• _EXTRACTED RECORDS_

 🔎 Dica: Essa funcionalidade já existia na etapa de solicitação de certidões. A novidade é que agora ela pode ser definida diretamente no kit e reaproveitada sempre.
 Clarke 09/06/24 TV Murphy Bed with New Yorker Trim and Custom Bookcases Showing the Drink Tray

* * *

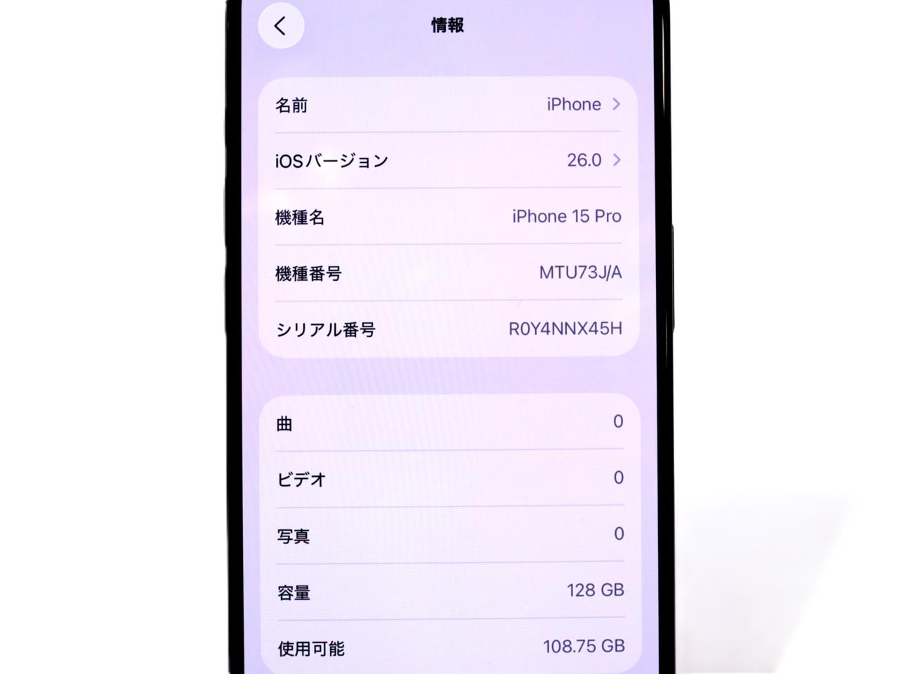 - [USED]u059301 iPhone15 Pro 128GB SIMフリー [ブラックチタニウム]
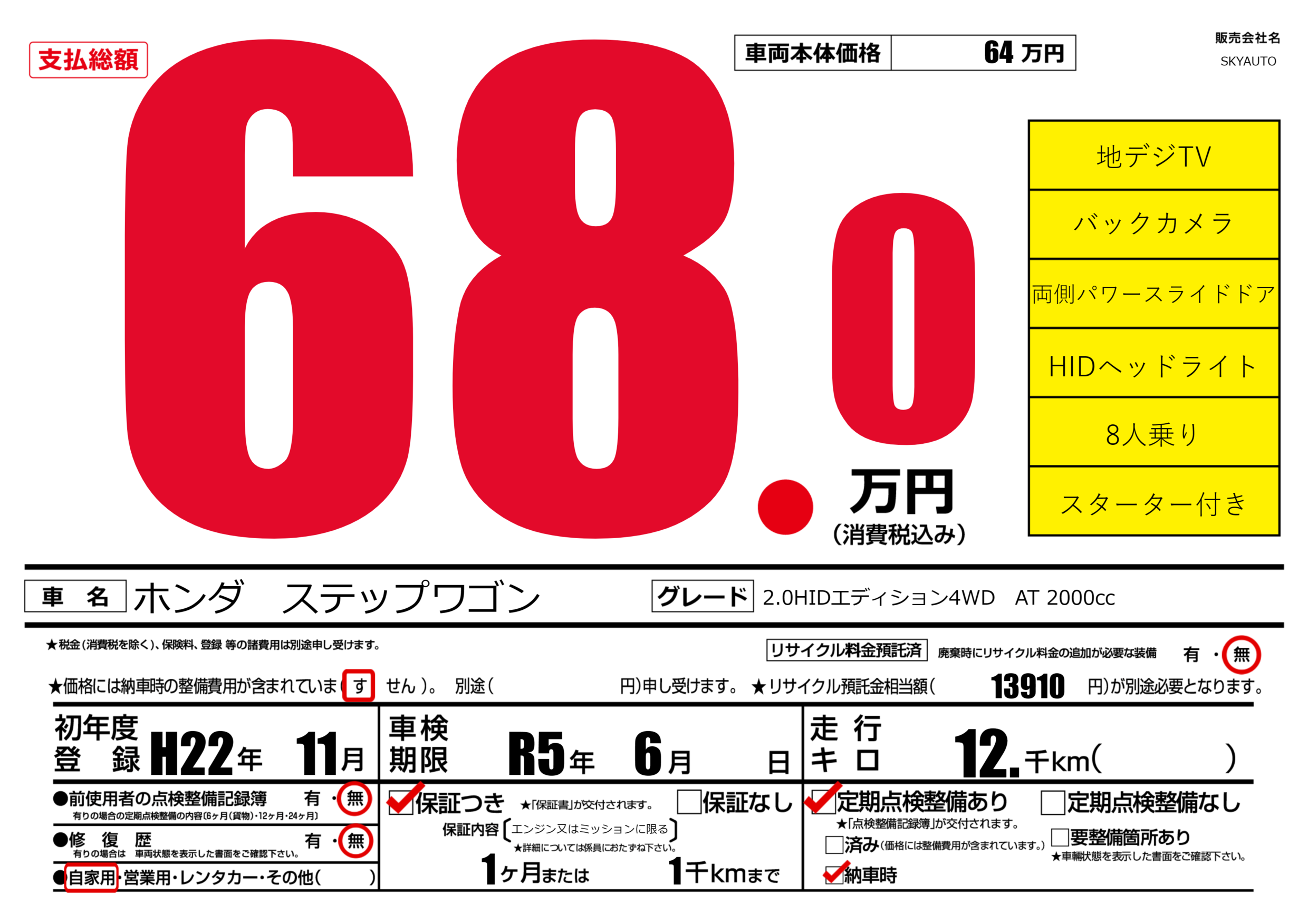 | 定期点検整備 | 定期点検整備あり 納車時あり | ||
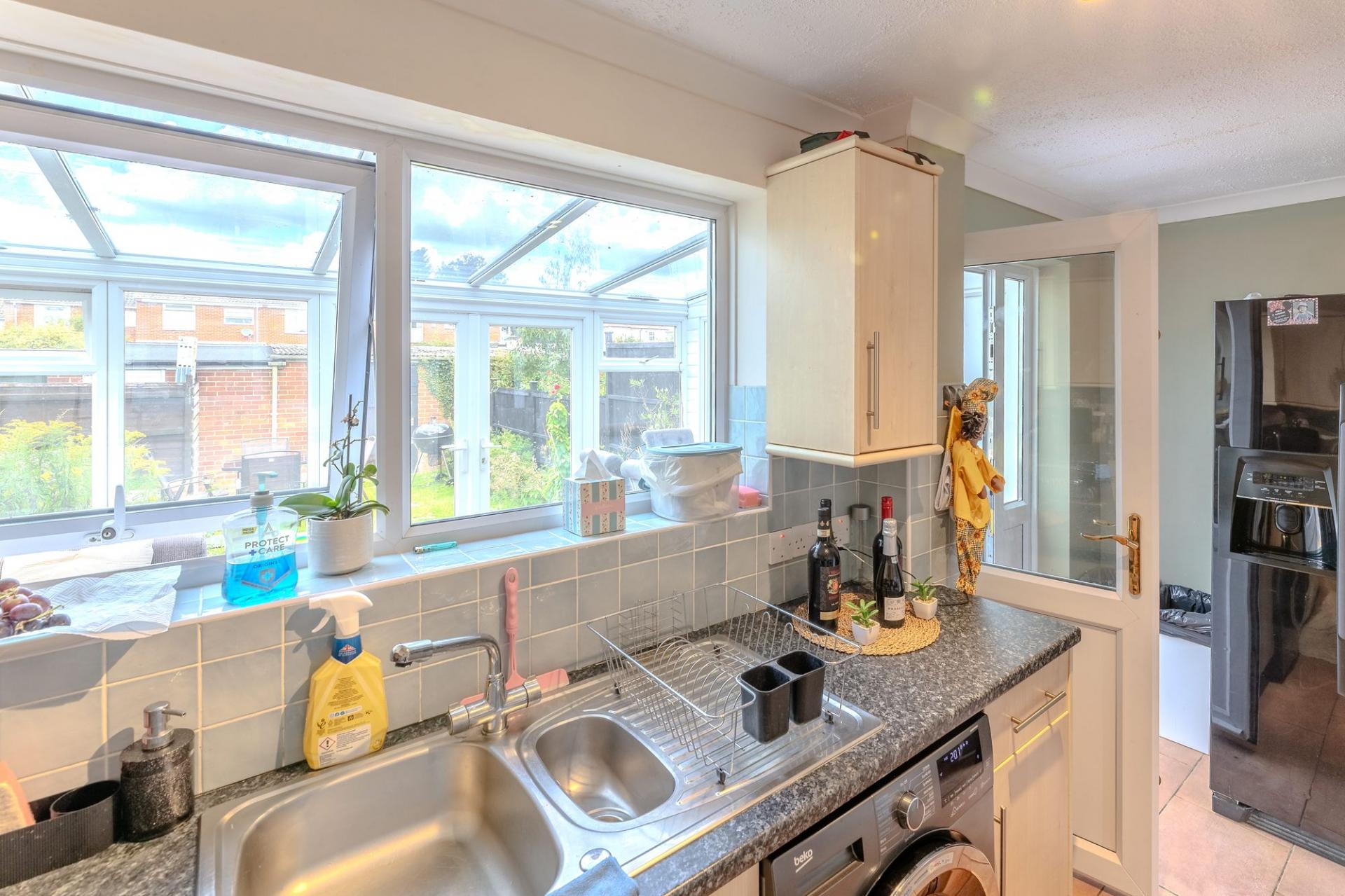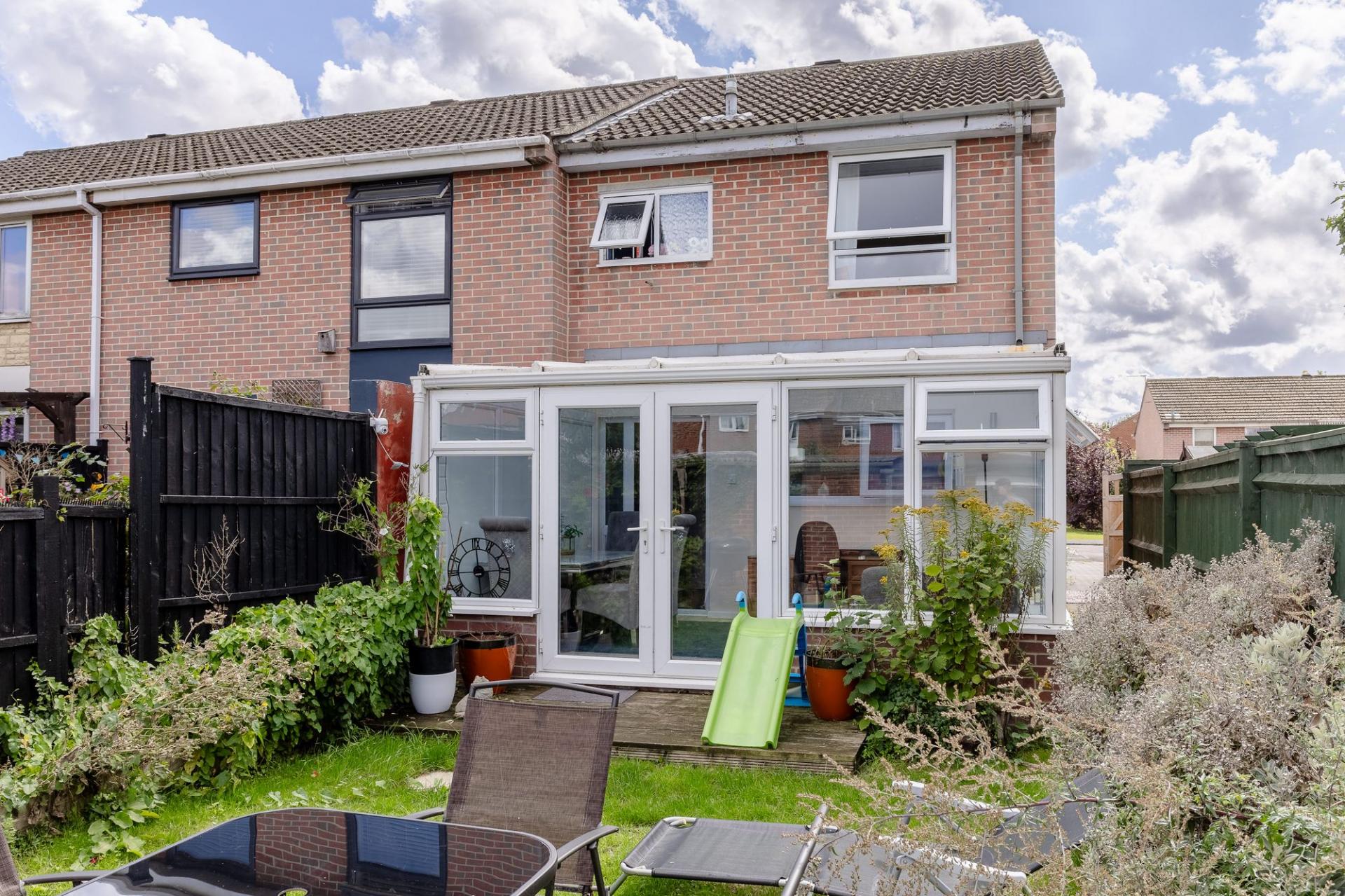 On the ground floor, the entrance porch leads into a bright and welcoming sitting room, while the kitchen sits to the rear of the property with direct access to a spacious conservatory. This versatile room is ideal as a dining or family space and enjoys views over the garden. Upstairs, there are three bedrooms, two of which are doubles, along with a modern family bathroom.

• _WHAT IS EXPECTED_
In the listing above, find the line containing "- [USED]u059301 iPhone15" and the line containing "定期点検整備あり 納車時あり | ||". Print those two lines and every line between them exactly, with no pictures.

• _EXERCISE ANSWER_
 - [USED]u059301 iPhone15 Pro 128GB SIMフリー [ブラックチタニウム]
 | 定期点検整備 | 定期点検整備あり 納車時あり | ||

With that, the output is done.